Follow the link for each option to learn more in the on line Veeam documentation.

  1. For Microsoft Hyper-V 2012 R2 and earlier, the default is set to simultaneously store 4 snapshots of one volume. To change this number, specify the Max snapshots value. It is not recommended that you increase the number of snapshots for slow storage. Many snapshots existing at the same time may cause VM processing failures.
  2. For Microsoft Hyper-V Server 2016 and later. You can simultaneously store 4 VM checkpoints on one volume. To change this number, specify the Max snapshots value. Note that this limitation works only for (recovery) checkpoints created during Veeam Backup & Replication data protection tasks. When you still use host VSS provider in your backup process (with a SAN hardware VSS provider, combined with off-host Hyper-V proxies) this acts like before. It will not limit the number of concurrent VM backup jobs. That only happens when the Hyper-V recovery checkpoints are the only thing in play. This means that for an S2D or Azure Stack HCI solution for example you will need to increase this value if you want to have more than 4 VM backed up simultaneously on that volume. No matter how many concurrent tasks you set on your Hyper-Hosts and repositories. By the way, remember that a task does not equal a VM but a disk per VM / backup file per VM. In a simple example with nothing else in play, this means that 16 tasks can be 4 VMs if those VMs all happen to have 4 disks, etc.
Set the Hyper-V volume-specific settings in Veeam with PowerShell
The default setting for maximum concurrent snapshots is 4

Now we have that out of the way. I find it tedious to do all this in the GUI. Especially so in larger environments and during testing in the lab or prior to taking a solution into production. There can be many hosts and even more volumes to configure. This is why I Set the Hyper-V volume-specific settings (and other configurations) in Veeam with PowerShell.

How to set the Hyper-V volume-specific settings in Veeam with PowerShell

So here I will share how to do this in PowerShell. It is not very difficult. Below snippet is the crux of what you need to integrate into your own scripts. Below I grab all the volumes on all the nodes of a cluster and set the MaxSnapShot value to 8. Tun a Hyper-V backup job against those CSV’s with 10 single disks VMs. You’ll see we can no have up to 8 VMs being backed up concurrently instead of 4.

I am also showing how to set the VSS provider. Warning, PowerShell will let you set a wrong provider. The GUI protects against that, So pay attention here.

#Grab the Cluster whose nodes volumes we want to configure
$Cluster = Get-Vbrserver -Name W2K19-LAB.datawisetech.corp -type HvCluster

#Grab the correct Hyper-V hosts based on the parentid (cluster they belong to)
$ClusterNodes = Get-VBRServer -Type HvServer | Where ParentID -eq $Cluster.Id 

Foreach ($ClusterNode in $ClusterNodes) {
    $ServerVolumes = Get-VBRHvServerVolume -Server $ClusterNode.Name
    $Provider = Get-VBRHvVssProvider -Server $ClusterNode.Name -Name "Microsoft CSV Shadow Copy Provider"
    Foreach ($Volume in $ServerVolumes) {
        if ($Volume.Type -eq "CSV") {

            Set-VBRHvServerVolume -Volume $Volume -MaxSnapshots 8 -VSSProvider $Provider
        }
    }
}
Set the Hyper-V volume-specific settings in Veeam with PowerShell
Only the CSV volumes have had their Max concurrent snapshot increased to 8.

Conclusion

I have shown you how to set the Hyper-V volume-specific settings in Veeam with PowerShell (VSSProvider/max concurrent snapshots

The max concurrent snapshots value is not the only setting determining how many VMs you can backup concurrently in one job. But it is an important one to know about when leveraging recovery checkpoints. You also need to mind max concurrent tasks.

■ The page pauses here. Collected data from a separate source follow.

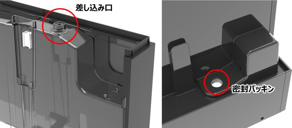 | 【タンク周辺からの水漏れ】※着脱タンク式のみ タンクの差込口が破損していませんか? マシン側のタンクの出水口が挿入される部分の密封パッキンに異物がついていたり、密封パッキンが破れていませんか? | タンクの不具合:営業担当へご相談いただきタンクを購入してください マシン側の不具合:営業担当へご相談いただき修理依頼してください ![]() | ─ |
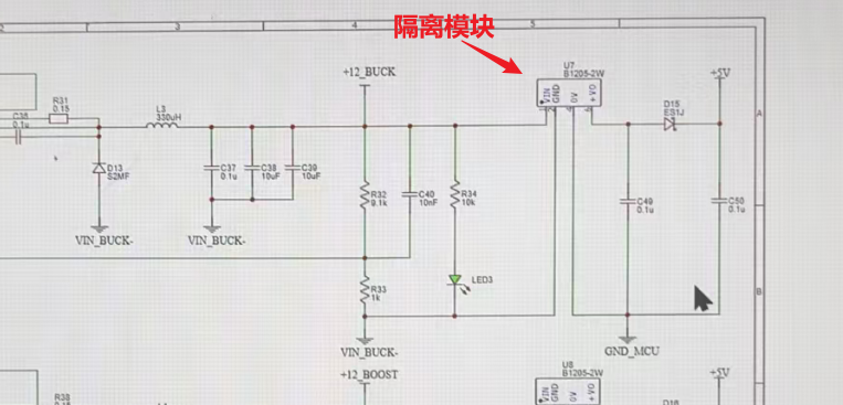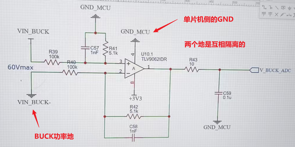 GND_MCU是單片機側的GND,VIN_BUCK-是BUCK電源側的功率地。3.3V和GND_MCU由B1205隔離之后由3.3V的LDO產生。問這樣采集BUCK輸出電壓有沒有問題?能否正常采集?
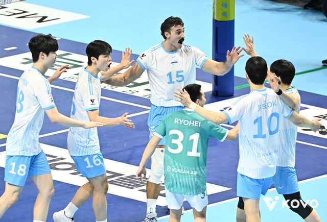 대한항공이 KB손해보험을 꺾고 1위를 지켰다.
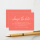 Easily personalize these change the date cards with your names and location by using the "personalize this template" section or click the "customize further" link to change the font styles, colors and layout to suite. There is also room on the back of the card to add more wording or a photo of your choice.
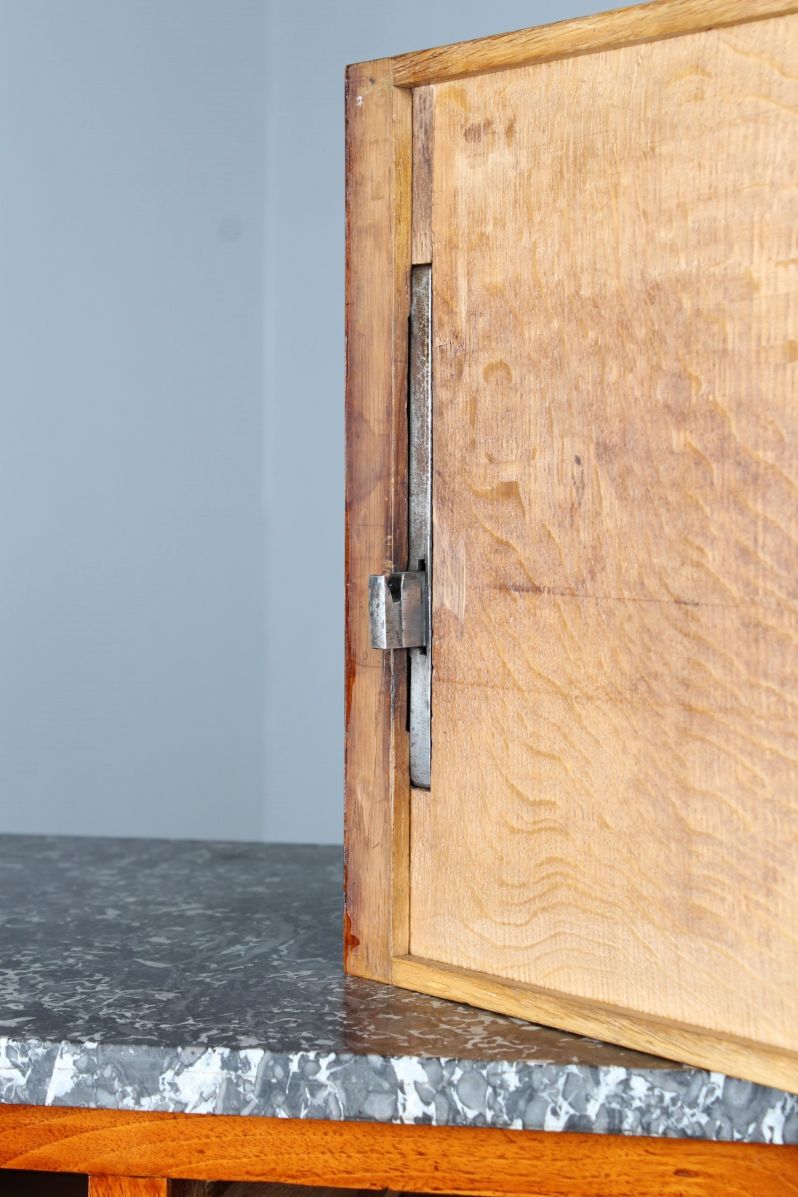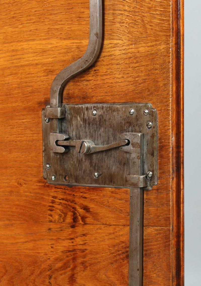 Le mécanisme de verrouillage et d'ouverture inhabituel de l'armoire est unique en son genre. Une clé permet de fermer les portes, la tablette coulissante ainsi que le tiroir central en haut et en bas. Cela est rendu possible d'une part par la serrure qui se verrouille simultanément vers le haut et vers le bas et d'autre part par un verrou monté sur la face intérieure droite de la porte.
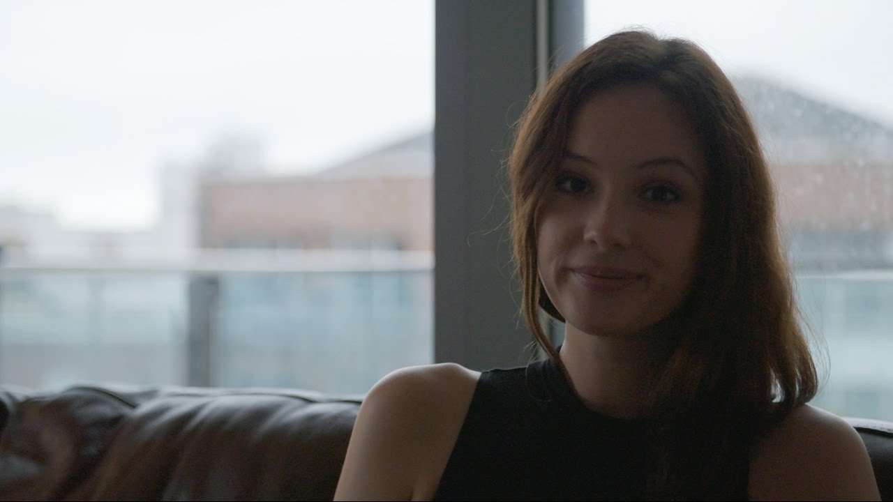 Description: A woman sitting on a couch in front of a window with rain coming down on her head and hair.
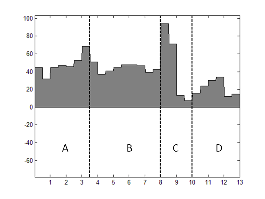 Ich habe eine Frage zum plotten. Ich habe im Anhang ein Area-Plot in 4 Abschnitte unterteilt. Diese wollte ich nun mit Hilfe von Matlab beschriften, wie ich es im Beispiel mit A, B,C und D getan habe.
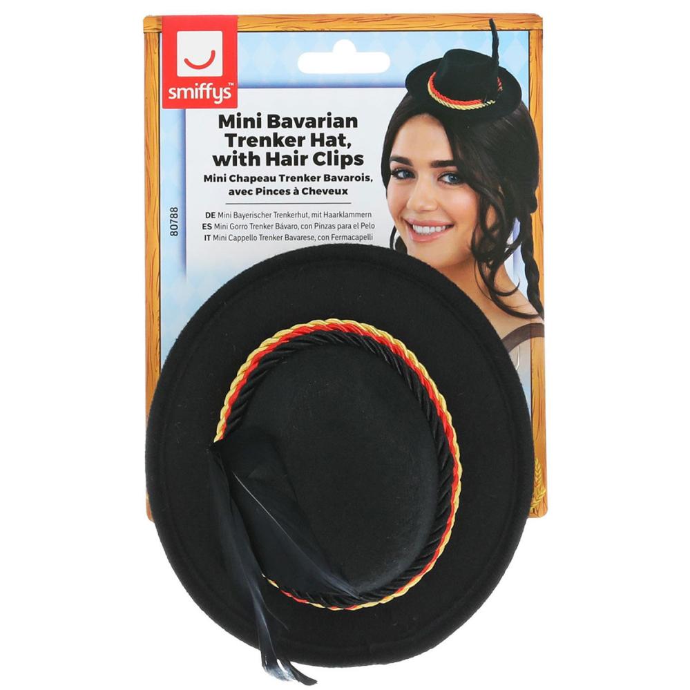 Sæt stilen med denne minityrolerhat i sort, perfekt som Oktoberfesthat eller en bayersk hat med attitude. Med hårspænder sidder den sikkert under hele festen og bliver et perfekt tilbehør til en Oktoberfestudklædning.
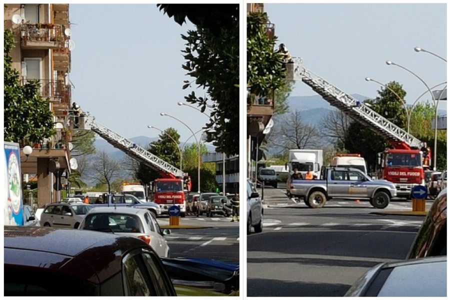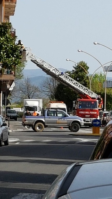 Strada chiusa per permettere l'intervento dell'autoscala
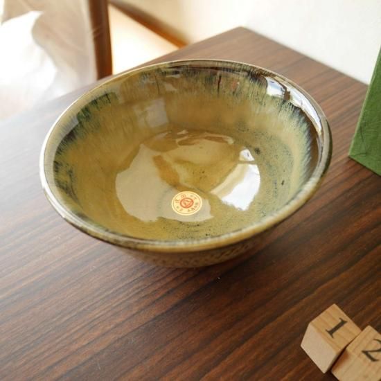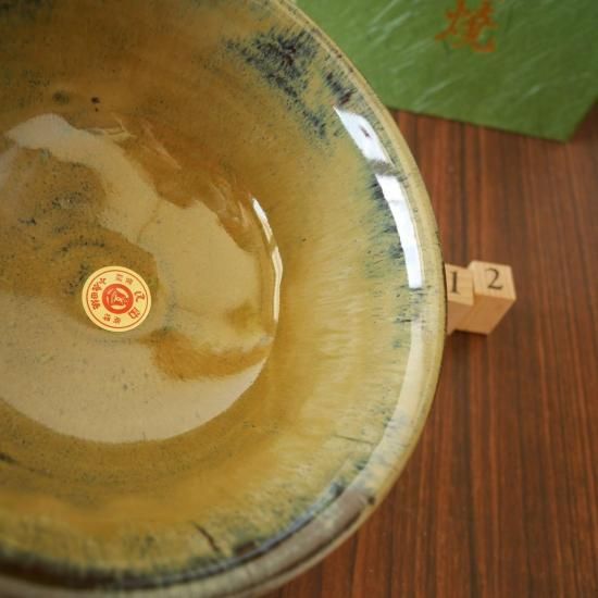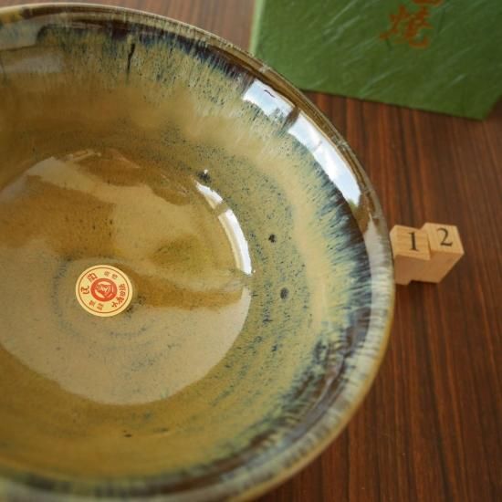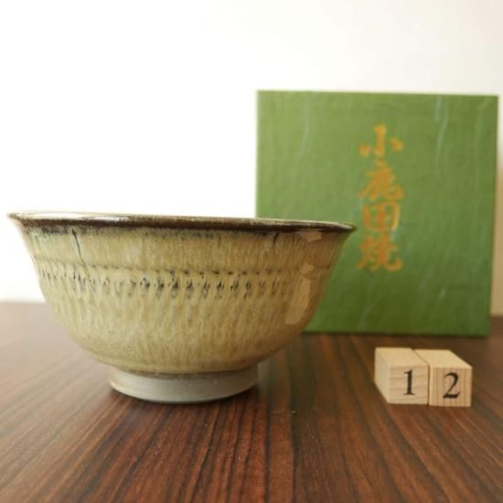 気軽に家庭用として使える価格帯のお抹茶碗です。収納用に小鹿田焼がプリントされた紙の箱付きです。裏の印は、「小鹿田焼」と小袋窯が代々使っている「鹿峰」になっていると思います。私は抹茶碗等の茶器の知識は全く有りませんので写真からご判断下さいませ。紙箱の汚れや、器を包む紙やクッション材等も窯元さんから届いた物のままですのでご理解の上ご購入下さいませ。

Every virtual disk being backed up counts as a task. So a virtual machine with 3 disks will consume 3 tasks out of the max concurrent tasks you have set on the backup proxy. Don’t go overboard. Count cores when determining how to set these values. Also, remember that taking it easy to speed things up is a rule in backups. There is no speed gained by trying to do more than your cores can handle. Or, when you have plenty of cores by, depleting IOPS on your storage.

I will show you how to configure those with PowerShell in future blog posts.